─── ENTRIES SHOWN ───

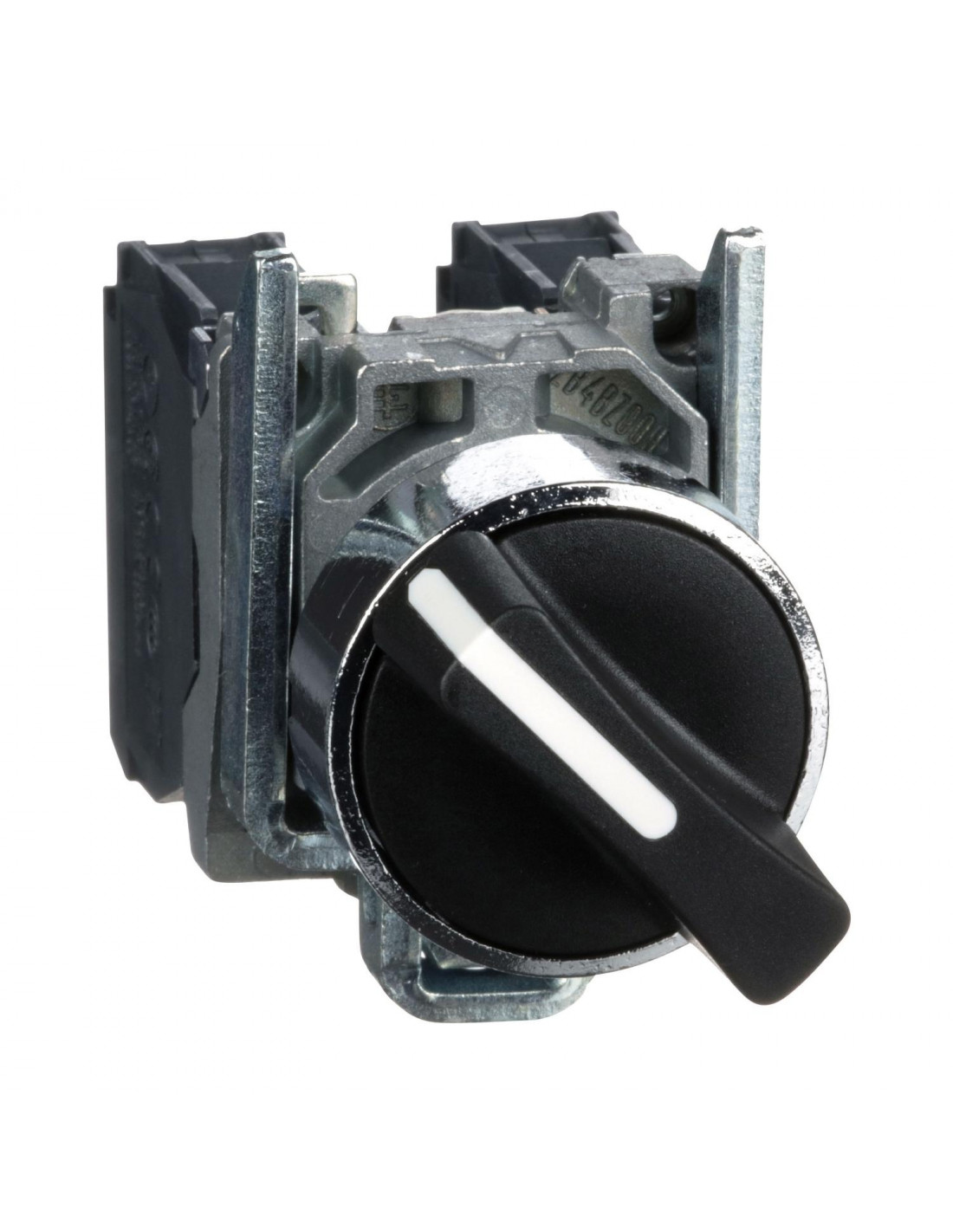 Harmony XB4 - bouton tournant - à manette - noir - Ø22 - collerette dépassante - métal chromé - 2 positions - fixes - 1O+1F - fixation Ø22 - raccordement par vis-étrier
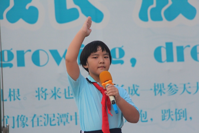 國(guó)旗下,來(lái)自502中隊(duì)的尚可馨學(xué)長(zhǎng)進(jìn)行了以《感恩老師,慶祝教師節(jié)》為題的精彩演講。可馨學(xué)長(zhǎng)說(shuō):“老師就像蠟燭一樣,燃燒了自己,照亮了別人,默默地在自己的崗位上無(wú)私的奉獻(xiàn)著。在人生的旅途上,是老師為我們點(diǎn)燃希望的光芒,給我們插上理想的翅膀,翱翔在知識(shí)的海洋上……”,她并代表全體隊(duì)員提前祝老師們教師節(jié)快樂(lè)!
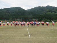 この日は、開会式で行うラジオ体操の動きの確認と、東軍と西軍に分かれての応援練習が行われました。
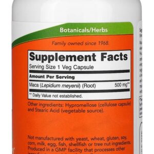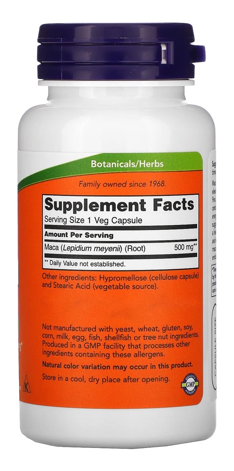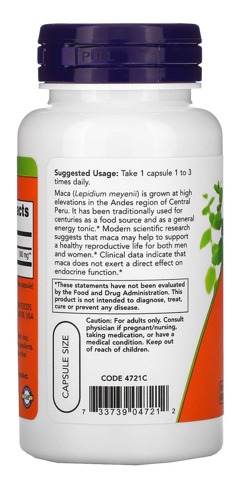 Now Foods Raw Maca Peruana 500mg 100 Cápsulas Vegetarianas para Homem e Mulher / No Brasil Disponível em uma fórmula de 500mg, bem como em cápsulas vegetarianas que podem ser facilmente ingeridas, a Maca Peruana da Now Foods apresenta uma forma mais concentrada e crua desta substância que pode ajudar a promover maior libido e desempenho sexual, vigor físico ou mesmo complementar sua dieta alimentar com as quantidades necessárias dessa substância importante que também funciona como tônico energético geral. Fabricado sem trigo, glúten, soja, milho, leite, ovo, peixe, marisco ou nozes. Outros ingredientes: Outros Ingredientes: Hipromelose (cápsula de celulose) e Ácido Esteárico (fonte vegetal). Recomendações de uso: Tomar 1 cápsula 1 a 3 vezes ao dia. Cuidados: Apenas para adultos. Pode ocorrer variação de cor natural neste produto. Mantenha fora do alcance de crianças. Armazenamento: Armazenar em local seco e fresco após a abertura. Podem ocorrer variações naturais de cor neste produto. Dimensões: 4,9 x 4,9 x 10,8 cm Peso: 0,090 1x Frasco com 100 Veg Caps Vide Validade
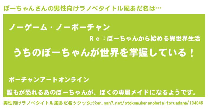 | ヘコむあだ名 | 『ぼーちゃん(苦笑)』『ぼーもー』 |
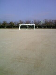 平日早朝の宗像ユリックスサッカーグラウンド。誰もいないから、コート一面使い放題。足がもつれて転んでも誰にも見られない。うう、ヒジ擦りむいて痛てぇ。
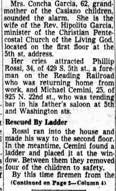 Jose Castiano - Luis Colon - Henry Rodriguez Concha Garcia - Rev. Hipolito Garcia Church of the Living God Mrs. Yolanda Castiano Huberto Casiano - Margie Casiano Jesu Casiano - Yolanda Casianio Mrs. Margaret Young Washington Street - North 22nd Street Philip Rossi - Michael Cimini Charles Cooke Engine Company 1 Winfield Leviseur |
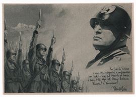 The Auction House Art La Rosa offers postcards of World War II dictatorships for sale only for the purpose of civic education and defense against unconstitutional or anti-constitutional acts, of historical, scientific and military history research. The bidder undertakes to purchase these works for historical and scientific reasons and for those mentioned above and not for propaganda purposes.
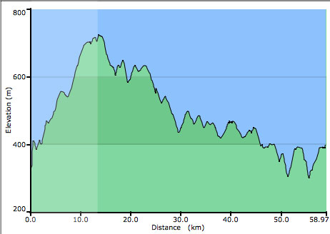Höhendiagramm: Summe Höhenmeter: 1112 Hm
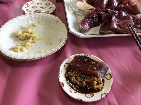 頭しか残しません、 腸、”苦〜イ” これがうまい
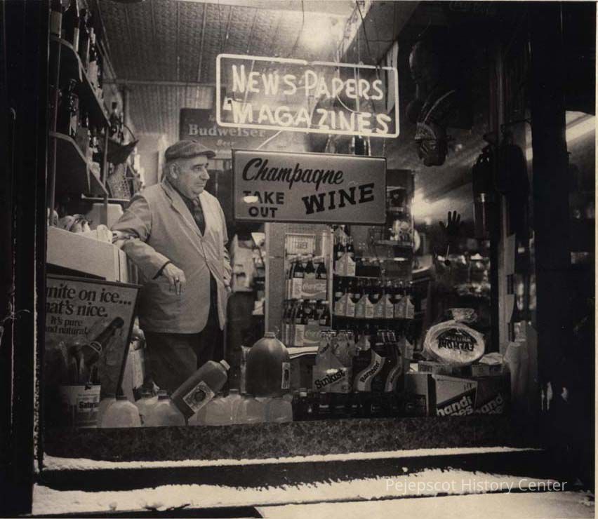 A black and white photo of Joseph Fiori, an owner of Kennebec Fruit Co. on Maine Street in Brunswick, watches motorists trying to get home in a snow storm, was published in The Times Record in Brunswick, Maine, on 11/19/1980.
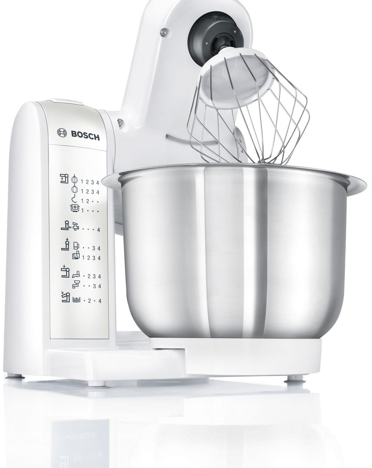 Кухонный комбайн Bosch MUM 4875 — обновленная модель проверенной временем линейки MUM 48. Популярность у пользователей прибор завоевал благодаря удобству электронной панели управления и разнообразию насадок. Кондитерские насадки (венчики, крюк для теста) помогут испечь торты и пирожные. Двусторонняя терка, шинковка сокращают время на приготовление салатов, овощных блюд. Блендер предназначен для смешивания напитков, пюрирования овощей и фруктов, измельчения ягод, фруктов, орехов и кубиков льда. Мясорубка позволит переработать мясо для котлет, колбасок, кебабов.
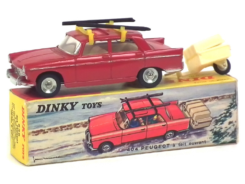 DINKY TOYS (FRANCE) 536 PEUGEOT 404 avec remorque monoroue (skis noirs) rouge
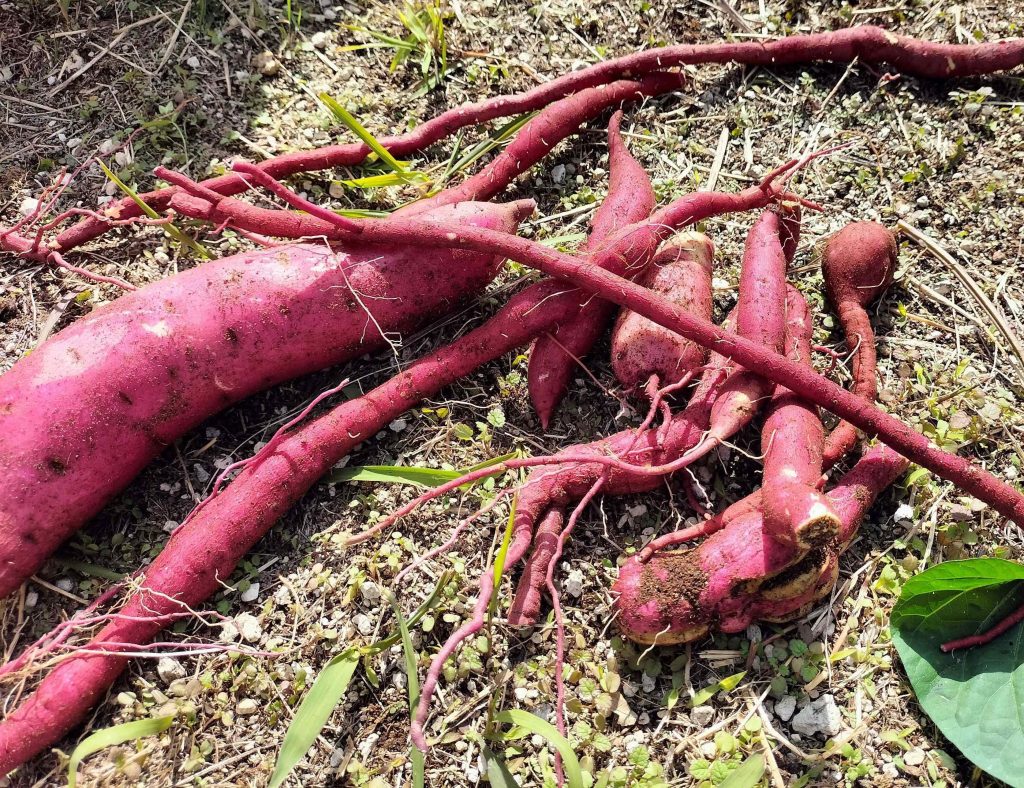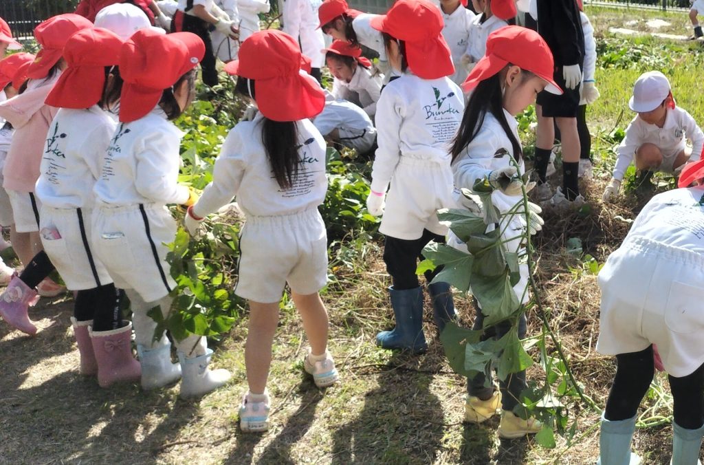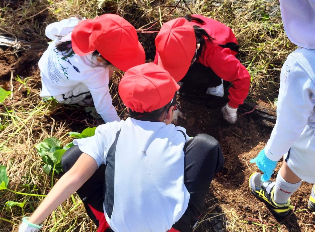 幼稚園年中組の子どもたちが来校し、2年生といっしょに屋上菜園でサツマイモを収穫しました。

───

WORK REQUIRED: Output the entries above exactly as given, but strip out the pictures.

ANSWER FOR THIS EXERCISE:
 Harmony XB4 - bouton tournant - à manette - noir - Ø22 - collerette dépassante - métal chromé - 2 positions - fixes - 1O+1F - fixation Ø22 - raccordement par vis-étrier
 國(guó)旗下,來(lái)自502中隊(duì)的尚可馨學(xué)長(zhǎng)進(jìn)行了以《感恩老師,慶祝教師節(jié)》為題的精彩演講。可馨學(xué)長(zhǎng)說(shuō):“老師就像蠟燭一樣,燃燒了自己,照亮了別人,默默地在自己的崗位上無(wú)私的奉獻(xiàn)著。在人生的旅途上,是老師為我們點(diǎn)燃希望的光芒,給我們插上理想的翅膀,翱翔在知識(shí)的海洋上……”,她并代表全體隊(duì)員提前祝老師們教師節(jié)快樂(lè)!
 この日は、開会式で行うラジオ体操の動きの確認と、東軍と西軍に分かれての応援練習が行われました。
 Now Foods Raw Maca Peruana 500mg 100 Cápsulas Vegetarianas para Homem e Mulher / No Brasil Disponível em uma fórmula de 500mg, bem como em cápsulas vegetarianas que podem ser facilmente ingeridas, a Maca Peruana da Now Foods apresenta uma forma mais concentrada e crua desta substância que pode ajudar a promover maior libido e desempenho sexual, vigor físico ou mesmo complementar sua dieta alimentar com as quantidades necessárias dessa substância importante que também funciona como tônico energético geral. Fabricado sem trigo, glúten, soja, milho, leite, ovo, peixe, marisco ou nozes. Outros ingredientes: Outros Ingredientes: Hipromelose (cápsula de celulose) e Ácido Esteárico (fonte vegetal). Recomendações de uso: Tomar 1 cápsula 1 a 3 vezes ao dia. Cuidados: Apenas para adultos. Pode ocorrer variação de cor natural neste produto. Mantenha fora do alcance de crianças. Armazenamento: Armazenar em local seco e fresco após a abertura. Podem ocorrer variações naturais de cor neste produto. Dimensões: 4,9 x 4,9 x 10,8 cm Peso: 0,090 1x Frasco com 100 Veg Caps Vide Validade
 | ヘコむあだ名 | 『ぼーちゃん(苦笑)』『ぼーもー』 |
 平日早朝の宗像ユリックスサッカーグラウンド。誰もいないから、コート一面使い放題。足がもつれて転んでも誰にも見られない。うう、ヒジ擦りむいて痛てぇ。
 Jose Castiano - Luis Colon - Henry Rodriguez Concha Garcia - Rev. Hipolito Garcia Church of the Living God Mrs. Yolanda Castiano Huberto Casiano - Margie Casiano Jesu Casiano - Yolanda Casianio Mrs. Margaret Young Washington Street - North 22nd Street Philip Rossi - Michael Cimini Charles Cooke Engine Company 1 Winfield Leviseur |
 The Auction House Art La Rosa offers postcards of World War II dictatorships for sale only for the purpose of civic education and defense against unconstitutional or anti-constitutional acts, of historical, scientific and military history research. The bidder undertakes to purchase these works for historical and scientific reasons and for those mentioned above and not for propaganda purposes.
Höhendiagramm: Summe Höhenmeter: 1112 Hm
 頭しか残しません、 腸、”苦〜イ” これがうまい
 A black and white photo of Joseph Fiori, an owner of Kennebec Fruit Co. on Maine Street in Brunswick, watches motorists trying to get home in a snow storm, was published in The Times Record in Brunswick, Maine, on 11/19/1980.
 Кухонный комбайн Bosch MUM 4875 — обновленная модель проверенной временем линейки MUM 48. Популярность у пользователей прибор завоевал благодаря удобству электронной панели управления и разнообразию насадок. Кондитерские насадки (венчики, крюк для теста) помогут испечь торты и пирожные. Двусторонняя терка, шинковка сокращают время на приготовление салатов, овощных блюд. Блендер предназначен для смешивания напитков, пюрирования овощей и фруктов, измельчения ягод, фруктов, орехов и кубиков льда. Мясорубка позволит переработать мясо для котлет, колбасок, кебабов.
 DINKY TOYS (FRANCE) 536 PEUGEOT 404 avec remorque monoroue (skis noirs) rouge
 幼稚園年中組の子どもたちが来校し、2年生といっしょに屋上菜園でサツマイモを収穫しました。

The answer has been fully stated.